= Dirty Linen and New-Found-Land =

Pair of two Tom Stoppard plays always performed together

1976 playbill cover

Dirty Linen and New-Found-Land is a pair of two 1976 Tom Stoppard plays that are always performed together. New-Found-Land interrupts the two parts of Dirty Linen. It was first performed as an Ambiance Lunch-Hour Theatre Club presentation at Interaction's Almost Free Theatre on April 6, 1976. Then, opening in June 1976, it played four years at the Arts.

==Plot==
A Select Committee of the House of Commons of the United Kingdom meets to discuss a ridiculous scandal on which the tabloid press has begun focusing. The papers allege that some mystery woman has accused 128 members of the House of sexual promiscuity. The six members of the Committee look into it so as to maintain the House's good name. Ironically, each member of the committee reminds the secretary, Miss. Madeleine Gotobed, not to bring up their most recent rendezvous. They do not want the press to get the wrong idea. It turns out that the secretary, who is not very adept at dictation, is the woman who has been spotted with all of these men.

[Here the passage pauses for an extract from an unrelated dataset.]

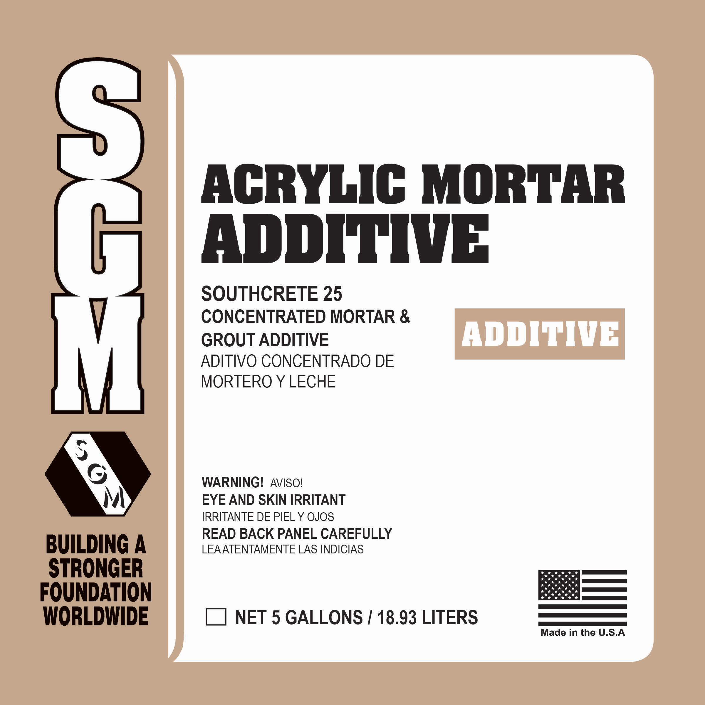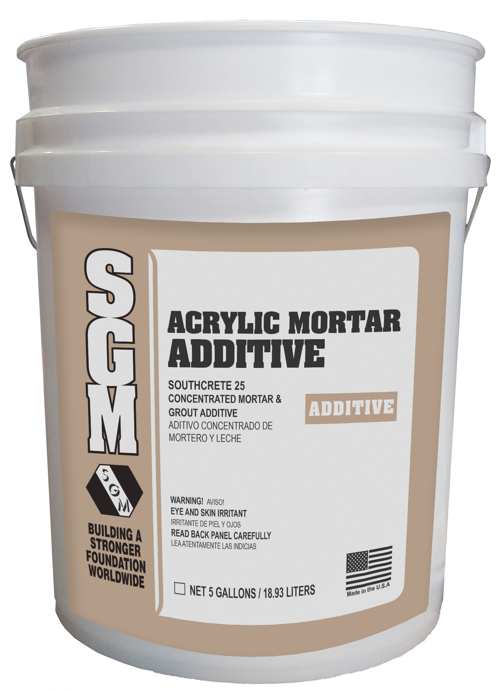 - 2-½ gallons Southcrete 25 Acrylic Mortar Additive to 80 lbs. SGM Floor Mud; or
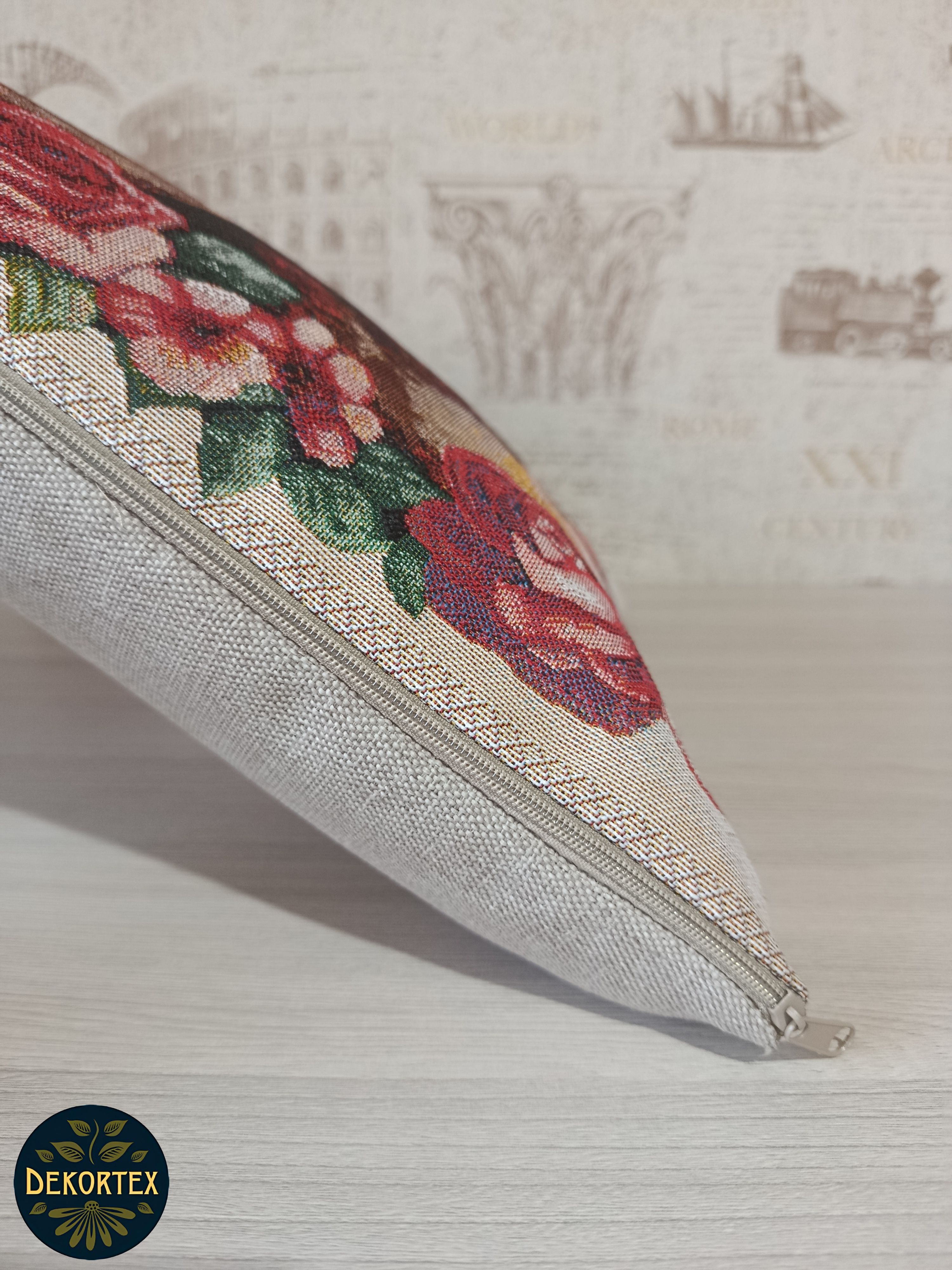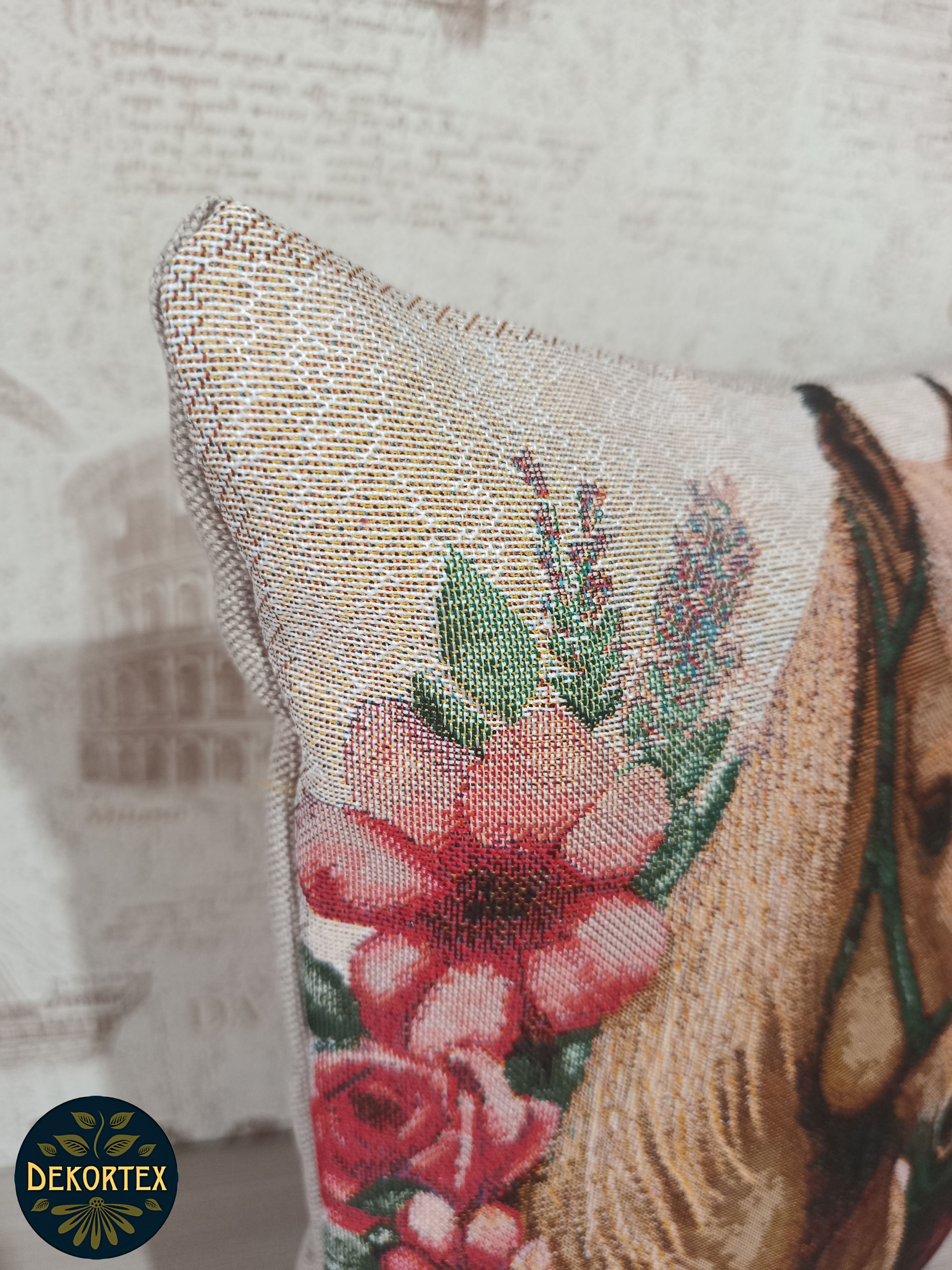 Гобеленовая наволочка для декоративной подушки. Размер наволочки: 38x38см. производство Россия. Изделие собственного производства сшито из отечественной жаккардовой ткани. Задняя часть выполнена из мебельной рогожки так же Российского производства. Все ткани используемые для производства декоративной наволочки производятся с соблюдением ТУ и ГОСТ РФ. Собственное швейное производство позволяет контролировать качество продукции на всех этапах до поступления на склад и предлагать покупателям товары высокого качества по выгодным ценам. Состав ткани 100% полиэстер с добавлением люрекса. Плотность гобелена 380 г/кв.м. Наволочка подходит для подушек размером 40х40 см. Продается без подушки-наполнителя. Подушку-наполнитель так же можно купит у нас. Размер наволочки может отличаться от заявленного +/- 2 см. Допускается деликатная машинная стирка при температуре 30 градусов. Гладить при средней температуре.

The curtain falls and then rises again for New-Found-Land in which an older and a younger man, two Home Office officials, briefly discuss the naturalization of an American into British citizenship (based on the real-life naturalization of the play's director, ED Berman MBE). They laud the American nation as a whole, including every American patriotic cliché they can remember. Eventually, the Select Committee returns and tries to reclaim its room. The play ends with Maddie and M.P. French passing a new report that clears all men of having done wrong.

==Reception==
Christopher Hahn unfavorably compared Dirty Linen with Stoppard's earlier short plays The Real Inspector Hound and After Magritte, writing that it "establishes no special relationship with the audience, nor does it make use of particular theatrical conventions, or even parody to any great extent the genre of the sex farce, surely fruitful ground for Stoppard's ironic talent. Instead, the play is a fairly straightforward duplication of a recognisable type, with the slight difference that assumptions about the dumb blonde usually prominent in this kind of play are overturned". However, Hahn praised New-Found-Land for its "clever manipulation of props" and its "conciseness and economy".